The binding of the 3.1 data Member (the binding of a data Member) considers the following code:
A foo.h header file, from somewhere included in the extern float x;//Programmer's Point3d.h file class Point3D {public: Point3D (float, float, float); Question: What x is the x that is passed back and set? float x () const {return x;} void X (float new_x) const {x = new_x;} Private: float x, y, z;};
POINT3D::X () which x is passed back? Is it the x inside the class or the x outside (extern)? Now the answer is internal. But the answer to the past is not.
On the first compiler of C + +, if you refer to X in the two function instances of point3d::x (), this will point to the global X object. Such binding results are almost universal, and therefore derive the two defensive programming styles of early C + +:
1. Place all data members at the beginning of the class declaration to ensure proper binding:
Class pointed{ //Defensive programming style #1 //Start by placing all data members in the class declaration float x, y, z;public: float x () const {RET Urn x; } //...};
2. Place all inline functions, regardless of size, outside the class declaration:
Class Point3d{public: //Defensive programming style #2 //Move all inlines outside of Class pointed (); float X () const; void X (float) const; ...}; inline float point3d::x () const { return X;}
These procedural design styles are in fact still present today, and this ancient language rule is called "member rewriting rule" to the effect that "an inline function entity is not evaluated (evaluated) until the entire class declaration is not fully visible." The C + + standard refines This "rewriting rule" with "Member scope resolution rules", and the effect is that if an inline function is defined immediately after the class declaration, its evaluation is evaluated ( evaluated).
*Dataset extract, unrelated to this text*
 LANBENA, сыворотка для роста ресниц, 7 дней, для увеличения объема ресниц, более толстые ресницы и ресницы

In other words, if you write the following code:
extern int X;class Point3D {public: //The parsing of the function itself will be deferred until the closing parenthesis of the class declaration appears, starting with float x () const {return x;} Private: float x;};
For the analysis of member functions itself, it will not begin until the entire class declaration has occurred. Therefore, a data member binding operation within an inline member function occurs only after the entire class declaration is complete.
The 3.2 Data Member layout (data Member layout) is known as the following set of data members:
Class Point3D {public: //... private: float x; static List<point3d *> *freelist; float y; static const int chunkSize =; float Z;};
nonstatic data members are arranged in class object in the same order as they are declared, and any intervening static data Members such as Freelist and chunksize are not placed in the object layout. In the above example, each Point3D object is made up of three floats, in the order that the X,y,z.static data member is stored in the program's data Segment, independent of the individual class objects.
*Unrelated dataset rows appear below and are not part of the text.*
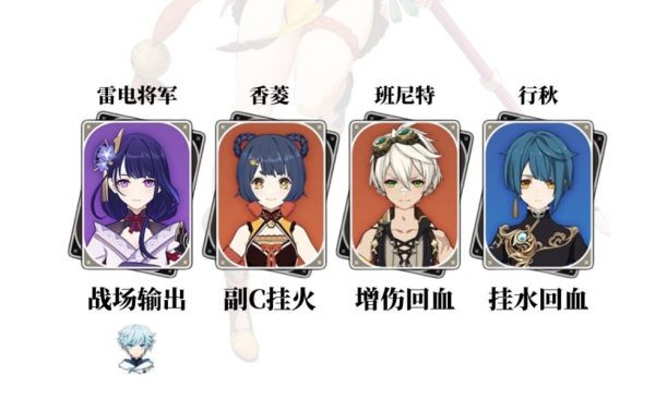 2、雷神国家队【雷电将军、班尼特、香菱、行秋】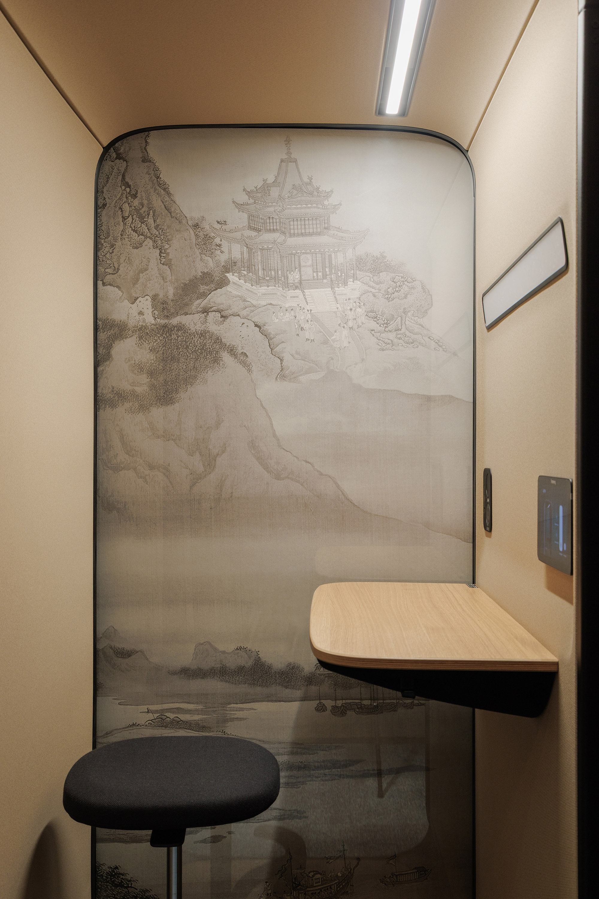 在其他区域,诸如灰砖的质感、工笔山水等中国传统元素,均通过当代视角被重新诠释。这种方式呈现出延续与创新之间微妙而富有意义的对话,映照出新加坡与中国共同的文化演进。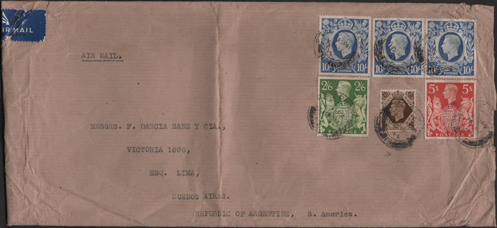 1943 LARGE ENVELOPE AIR MAIL LIVERPOOL TO ARGENTINA WITH KGVI 1S BISTRE-BROWN, 2/6 YELLOW-GREEN (SG476b), 5S RED (SG477) AND 10S ULTRAMARINE (SG478b) X 3. Large envelope, 305 x 128mm, sent air mail Liverpool to Argentina, some creasing largely clear of stamps with 1s bistre-brown (SG475), 2/6 yellow-green (SG476b), 5s red (SG477) and 10s ultramarine (SG478b) x THREE, all cancelled good strikes 'LIVERPOOL' date stamp 18 MY 43. A rare franking paying eleven times 3/6d ½oz air mail rate. (Ref 141222).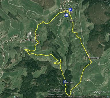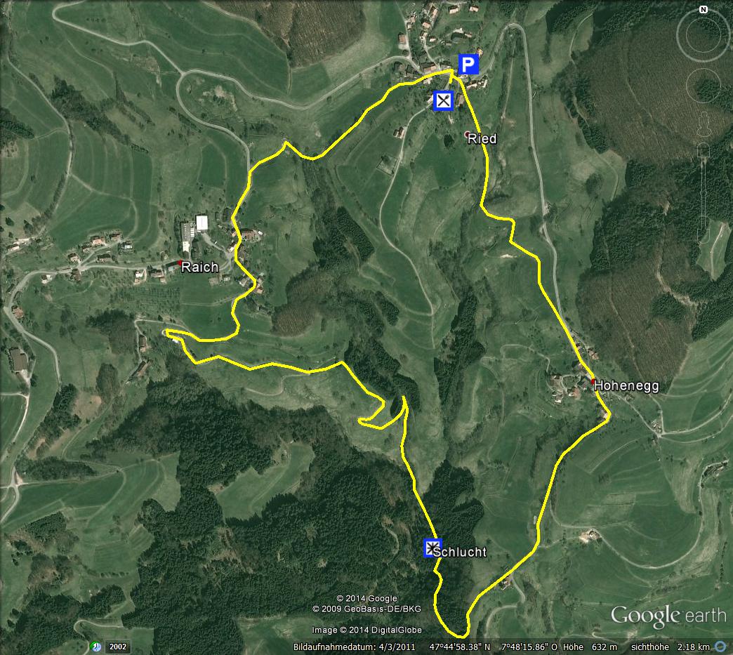 Richtung Schießhalde/Hohenegg/Holl angiebt. Dort biegen wir links ab auf den Feldweg und folgen dem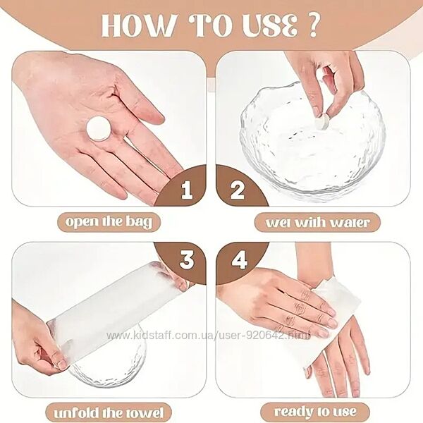 Пресовані мінісерветки в таблетках на 100 % складаються з натуральної бавовни, виготовлені з екологічно чистого матеріалу та підходять для всіх типів шкіри. Вони гіпоалергенні та стерильні, прості у використанні, економічніші та практичніші за звичайні махрові серветки.Їх дуже легко транспортувати, зберігати та використовувати: достатньо кількох крапель води (гарячої, холодної або ароматизованої), щоб отримати повноцінну вологу серветку.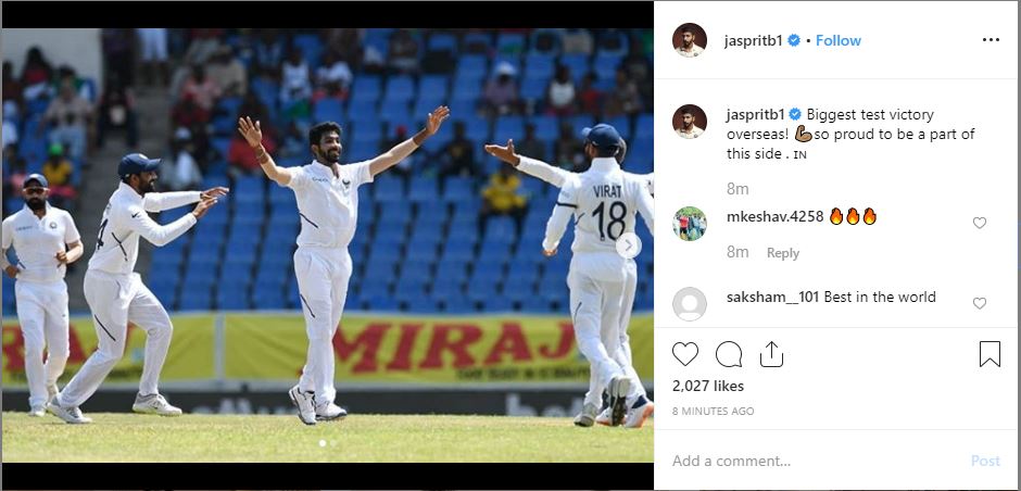 In an Instagram post, Bumrah posted two pictures and wrote: "Biggest test victory overseas, so proud to be a part of this side" as the caption.

C + + standard requires that members be arranged in the same access section (that is, private,public,protected, etc.) to conform to "late-appearing members in class There is a higher address in the object "This is the condition. That is, the members do not have to be continuously arranged, what may be involved in the declaration of the members? The boundary adjustment (alignment) of the members may need to be populated with some bytes. For C and C For + +, this is true, which is true for the current C + + compiler implementation scenario.
The compiler might also synthesize some internally used data members to support the entire object model, which is what vptr is, and all of the current compilers insert it into every object that contains the virtual function class. Where will the vptr be placed? Traditionally it was placed at the end of all clearly declared members, but there are now some compilers that put vptr in the forefront of a class object. The C + + standard gives the layout a laissez-faire attitude, allowing the compiler to place the members that are created internally freely in any position, even between members that are declared by the programmer.
C + + Standard also allows the compiler to freely arrange data members in multiple access sections without caring about the order in which they appear in the class declaration, i.e., the following declaration:
Class Point3D {public: //... private: float x; Static List<point3d *> *freelist;private: float y; static const int chunkSize = 250;private: float z;};
Its class object is the same size and composition as the one previously declared, but the order of members is determined by the compiler.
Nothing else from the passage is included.